Русские эмигрантские издания зарубежья – газеты и журналы – тоже были в открытом доступе. Периодику оккупировали авторы, пенявшие друг другу за неблагодарность. С бухгалтерской дотошностью они подсчитывали, кто кому помог, устроил на работу, добыл визу, послал вызов, приютил. Злоба, обиды, ревность, зависть, бряцание именами, знакомствами, связями вытесняли суждения о достоинствах прозы, поэзии, музыкальных произведений, исполнительского мастерства… Стихи хороши только потому, что написаны в ГУЛАГе. Бросил играть на пианино, потому что не мог слушать себя. Повесть «Один день…» описывала то, что автор видел, а писательский талант тут в зачатке. Поэт гражданской лирики уличал Поэта-Тунеядца в подлости. Да, поэтическая палитра одного побогаче другого. Но суть конфликта – не подлость одного и благородство другого, а амбиции претендующих на поэтический Олимп. Оба талантливы, но не велики, вот в чем драма и того, и другого.

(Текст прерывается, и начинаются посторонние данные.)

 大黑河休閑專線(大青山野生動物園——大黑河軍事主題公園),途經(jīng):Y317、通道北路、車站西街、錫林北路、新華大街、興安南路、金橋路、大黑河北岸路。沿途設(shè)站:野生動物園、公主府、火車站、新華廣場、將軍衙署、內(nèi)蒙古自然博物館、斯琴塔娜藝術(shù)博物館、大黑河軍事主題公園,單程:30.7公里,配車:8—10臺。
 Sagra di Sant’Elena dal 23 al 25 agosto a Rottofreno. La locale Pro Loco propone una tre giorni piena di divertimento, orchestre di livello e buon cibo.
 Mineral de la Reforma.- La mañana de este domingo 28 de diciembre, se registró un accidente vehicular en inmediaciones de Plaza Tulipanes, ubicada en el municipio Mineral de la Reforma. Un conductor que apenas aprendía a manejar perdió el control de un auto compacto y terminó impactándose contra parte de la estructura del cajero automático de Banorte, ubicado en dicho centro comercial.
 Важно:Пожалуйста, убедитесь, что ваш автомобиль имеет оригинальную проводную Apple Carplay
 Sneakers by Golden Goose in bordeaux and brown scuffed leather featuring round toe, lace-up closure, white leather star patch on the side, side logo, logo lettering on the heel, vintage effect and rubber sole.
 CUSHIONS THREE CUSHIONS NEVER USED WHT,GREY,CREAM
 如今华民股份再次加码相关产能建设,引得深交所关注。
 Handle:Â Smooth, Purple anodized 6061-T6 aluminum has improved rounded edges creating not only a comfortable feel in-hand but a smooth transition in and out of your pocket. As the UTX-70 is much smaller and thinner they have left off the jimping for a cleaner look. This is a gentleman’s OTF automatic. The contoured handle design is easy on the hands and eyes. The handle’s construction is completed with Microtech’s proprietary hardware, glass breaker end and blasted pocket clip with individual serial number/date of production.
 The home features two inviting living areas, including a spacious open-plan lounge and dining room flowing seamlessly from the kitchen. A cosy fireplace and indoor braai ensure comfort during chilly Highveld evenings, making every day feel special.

В журналах еще мелькали знакомые фамилии – ваятельницы, филологини, графини… Но спустя несколько лет Та Страна стремительно расправлялась со своими духовными ценностями. Сердцевина Салона – интеллигенция, состоявшая из сотрудников НИИ, научных работников, учителей, врачей, инженеров, библиотекарей, сбилась, потом исчезла вовсе. С ней сгинул и читатель. На месте его возник массовый сочинитель. Он готов был писать о чем угодно, лишь бы на заработанное пером купить жене шелковые чулки, сыну – шотландское виски и себе – куропатку на ужин. Мало кто из молодых людей хочет читать. Все хотят писать. Пишут на сайтах, в фейсбуках, лезут в Интернет с постами, комментариями. Ну, и понятное дело, издаются за свой счет.

Графоманский зуд укрощается рассуждениями об обыденности биографий гениев. Я упрекнул Марка в этом грехе, когда он вдруг принялся с восторгом пересказывать воззрения нашего приятеля-литературоведа о Пушкине. Оказывается, Пушкина мало кто любил. Это была очень несимпатичная фигура. Толстой вызывал раздражение не только у правительства, у царя, но и у передовой части общества – революционных демократов. Впрочем, у национального поэта ситуация была хуже, чем у графа, из-за безденежья. «Театр уж полон, ложи блещут…» На самом деле денег на кресла у Пушкина не было. Он ошивался в стоячем партере, а в антрактах бегал к креслам, вился там возле сильных мира сего, как последний щелкопер. Его высмеивал свет (за то, что гений, и еще с амбицией), третировала жена (за то, что был нелепый прилипала и бабник), не доверяло правительство (неизвестно, чего было от этого Пушкина ждать), не принимали в свой круг друзья-декабристы (сегодня с нами, завтра – против нас, то напишет оду царю хвалебную, то ему же «самовластительный злодей»). Советская власть узурпировала мертвого Пушкина, сделала его национальным достоянием и многое из неудобного в архивах закрыла. В 1980-х над узурпацией Поэта куражились. В подвале библиотеки, находящейся у метро «Академическая», собиралась творческая интеллигенция. Концептуалист захватывал публику куражом: «Дантес маленький, то ли негр, то ли еврей, а Пушкин статный, красивый, выходит на крыльцо, а народ к нему: „Батюшка Пушкин, ну совсем заели японцы!“ А он: „Потерпите…“ Московские дамочки вздыхали по поводу автора этих баек: он снимает, ну, все, все табу…»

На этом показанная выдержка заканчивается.